A lot of stuff goes into my brain, some of it by choice. If I decided to watch, read, play, or do it, I'd like to talk about it here. I'm a musician, a sometime actor, a frequent player of electronic and table-top games, and a lapsed reader (though I'm getting better). I write long and awkward sentences, because the more things resemble Douglas Adams' writing, the more I want to live in the world. Thanks for reading.

Monday, January 03, 2011

World's Greatest Dad

Picked this one up at a 3-for-$10 at the Rogers' Video on the way to Eugene's New Year's Eve party, but to be honest I'd been trying to see it for a while.  Bobcat Goldthwait, whose comedy is a heck of a lot deeper and smarter than that high-strung Police Academy character I knew him as before (thanks, Meeplemart Steve, for showing me the way there), wrote and directed this movie as a sort of Robin Williams vehicle, and a sort of story about loneliness, isolation, and broken and reconstituted families.  I heard about it on Adam Carolla's Podcast last year ('09, actually, at this point), and it sounded dark and twisted enough to stand up to Bad Santa in my "Fiasco Comedy" shrine.

Well, like I say about so many movies, it's not quite as funny or sharp as Bad Santa.  That's not a huge strike against it, though; it's going for something a little bit different, though it's still morbidly fascinated with weird sexual obsessions and characters so unrepentantly loathsome that you worry how you'll be able to stand an hour and a half of them.

In this movie, though, the loathsome character is the kid, Kyle (played by Spy Kids' Daryl Sabara, who was charming and awesome in that, and is riveting and awful in this), and as most of the promotional material indicates, Kyle is more of a supporting character: it's Robin Williams' character Lance that is the focus of this film's proceedings.  Lance is Kyle's frustrated father, frustrated teacher, frustrated writer who just can't make it work, but tries like crazy not to take it out on people, though Kyle pushes him to his absolute limit.  Midway into the proceedings, Lance takes advantage of a horrible (if inevitable) tragedy to bolster his writing career, his teaching career, and his love life.

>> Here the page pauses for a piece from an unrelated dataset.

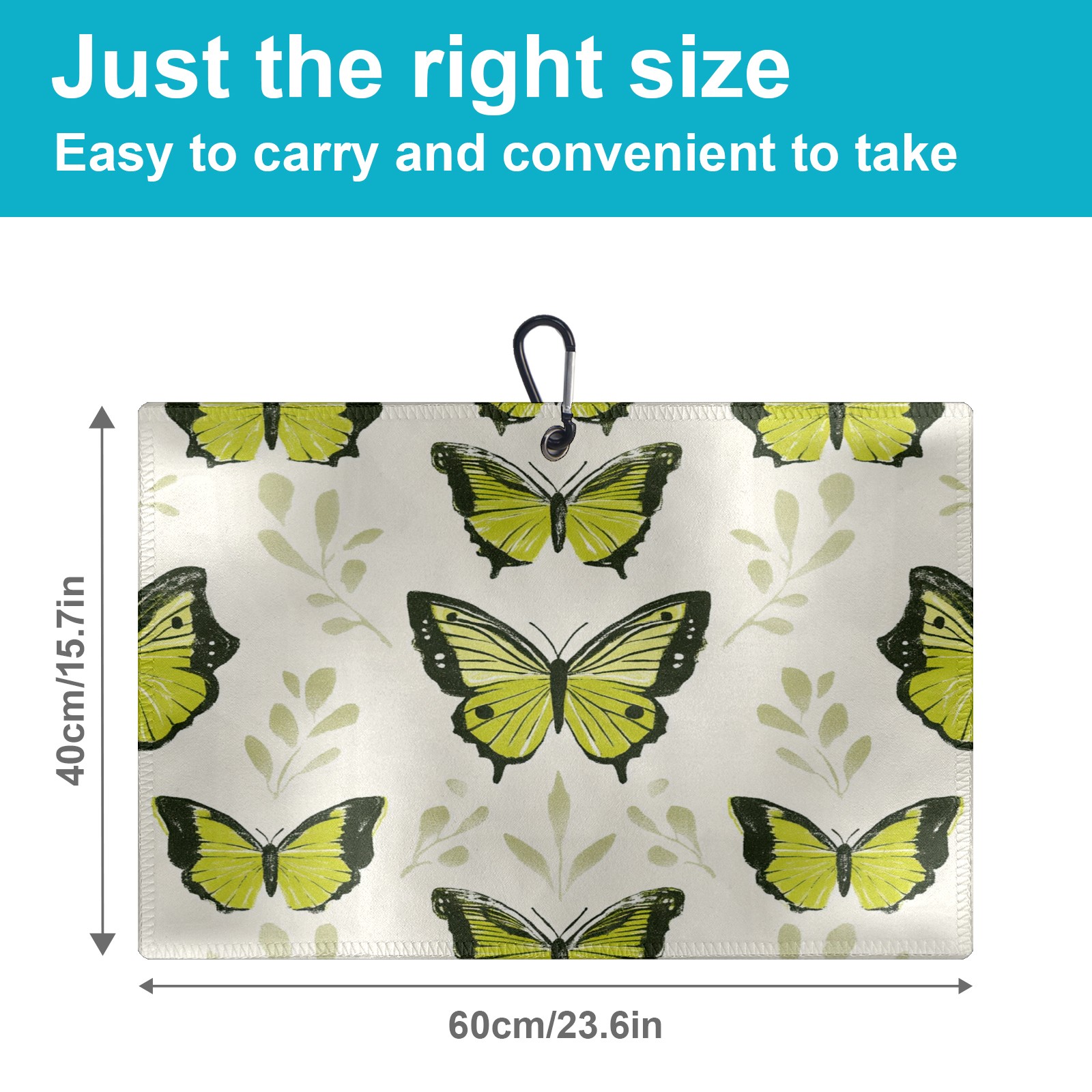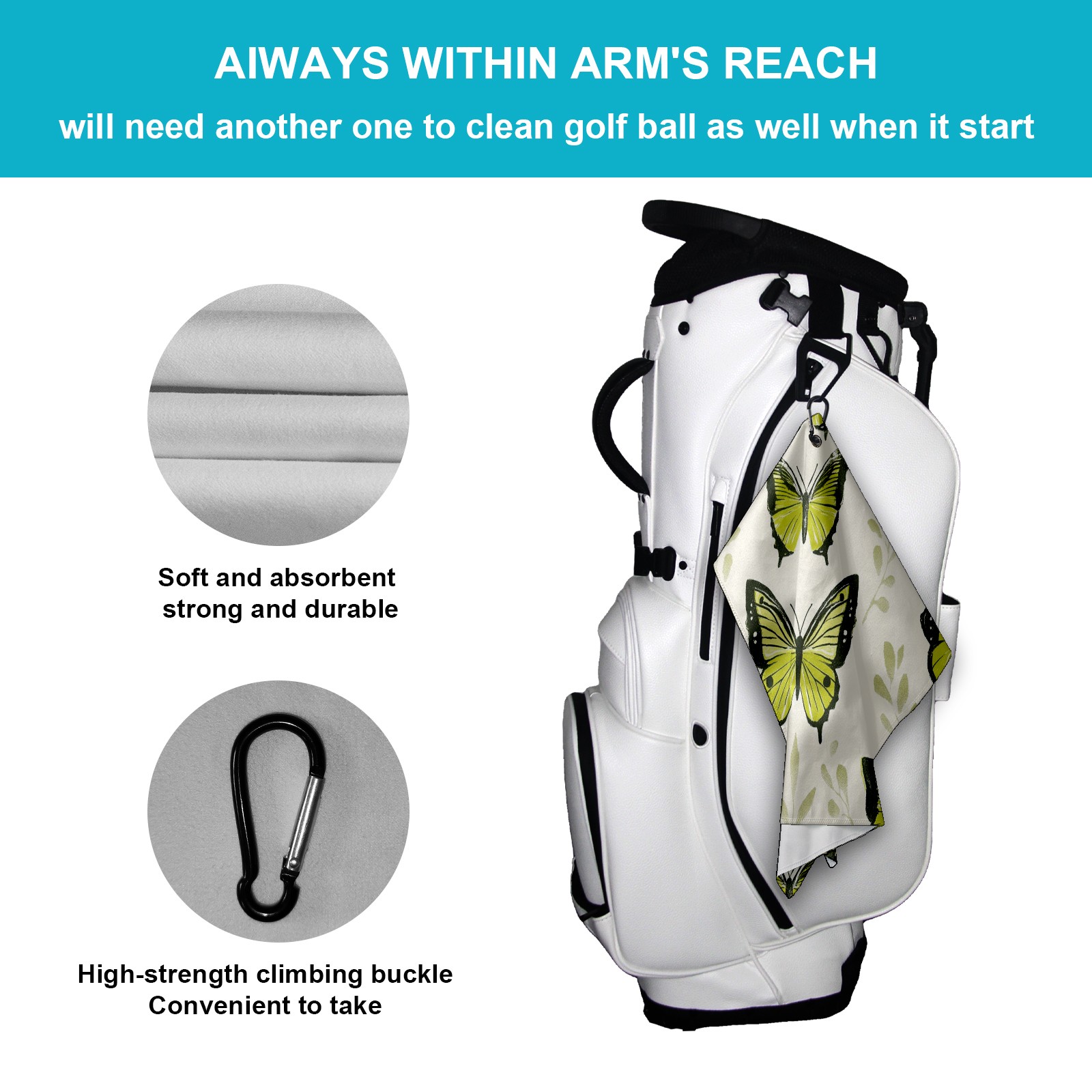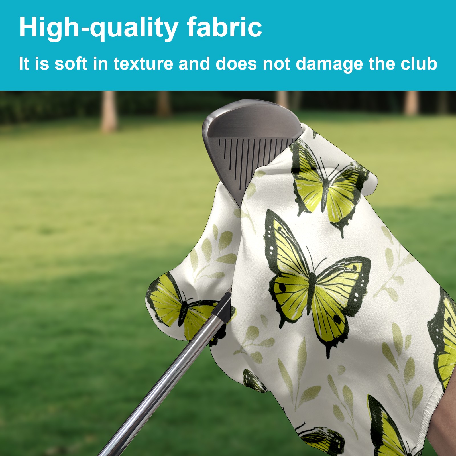 Golf Ball Towel for Golf Bag with Magnetic Clip, Golf Club and Golf Ball Cleaning Towel,Portable Golf Accessories for Men Women (Green Butterflies)

There's not a whole lot to say about the narrative, as it's generally a simple morality fable about being true to yourself and the people you love, or hate, but either way being honest.  There were a lot of "what does that expression mean?" moments from supporting characters -- the kind of awkward pause that can be a tremendous source of humour, but if not carefully managed can make you wonder exactly what a given expression means.  I point to shows like Lost or Arrested Development, or films like Iron Man, as examples of works that are carefully enough directed and edited to ensure that no glance, no expression and no pause by an actor is divergent to the story; that they all mean something, and by paying attention to them, we get a sense of what the character is thinking or what their goals are.

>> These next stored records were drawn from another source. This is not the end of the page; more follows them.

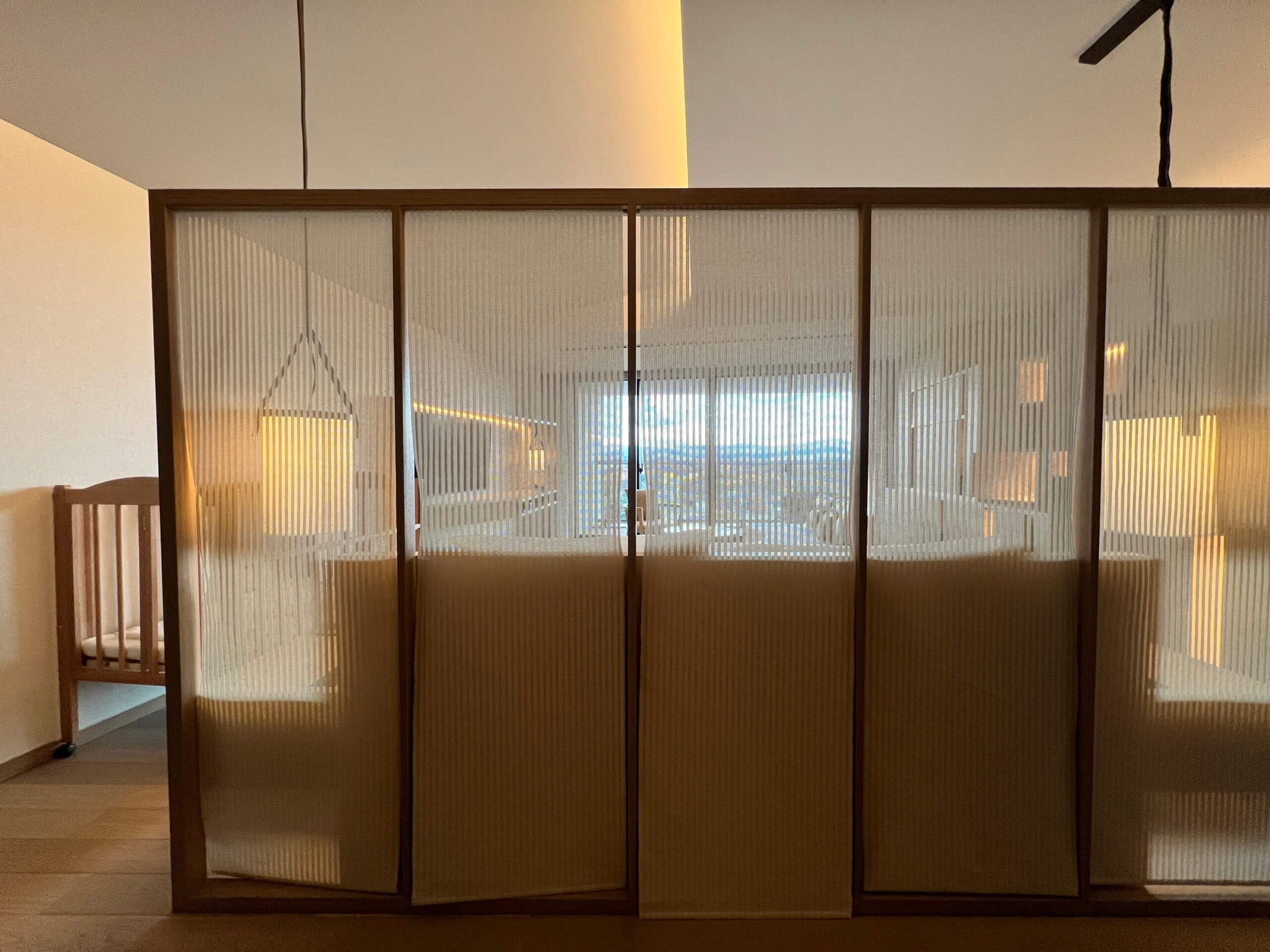 廊下の壁が屏風のように折れていましたが、それが客室にも現れており、直角でない壁が空間の広がりを簡単には把握できない面白さがありました。
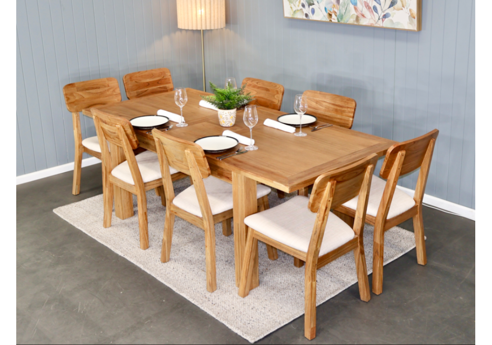 Designed for everyday living with the flair of timeless style, the Rozelle 9-piece Extension Dining Suite includes a spacious extendable dining table and eight matching chairs. Each piece is made from brushed Mindy timber, offering a cohesive look and feel. The table’s sturdy frame and classic silhouette make it ideal for family meals, homework sessions, or dinner parties. |
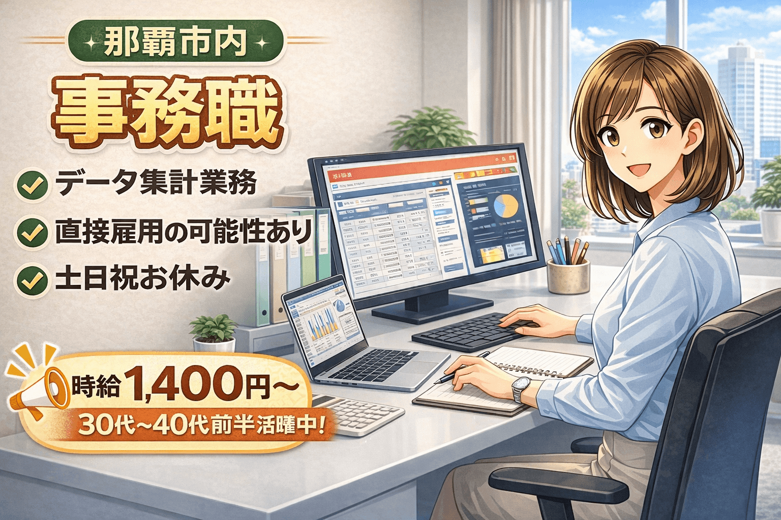 【那覇市久茂地】時給1,400円!事務職/土日祝休み/直接雇用のチャンスもあり☆/(oki157)

But World's Greatest Dad isn't a movie about characters' calculated ambitions; unlike Bad Santa this isn't a movie about well-intentioned schemes and scams that take people into dark and dangerous places.  This is a movie about messy people, their messy lives, and what can come to them if they're willing to be lying bastards and play into people's wishes and expectations.  The trick, of course, is that to do so is to be so contemptibly insincere as to make honest relationships completely impossible.  So there you have the movie's simple dilemma and its concept.

It's not for everyone, but it's oddly sweet.  Robin Williams is a totally different kind of father from his character in Mrs. Doubtfire, and he's worth watching in this exercise in nebbishy ambition.  It's a bit hard to find -- never got a really wide release, not exactly filling the video shelves and oddly not on Canadian Netflix -- but I'm glad I dug it up.

1 comment:

Ilan said...

And just so I don't put it in the main article, as it's a bit of a spoiler, but there's a "literary fraud" angle to the movie which made me think of "Who is KK Downey?", a movie which features my very talented brother Etan and many of his Montreal Impro colleagues.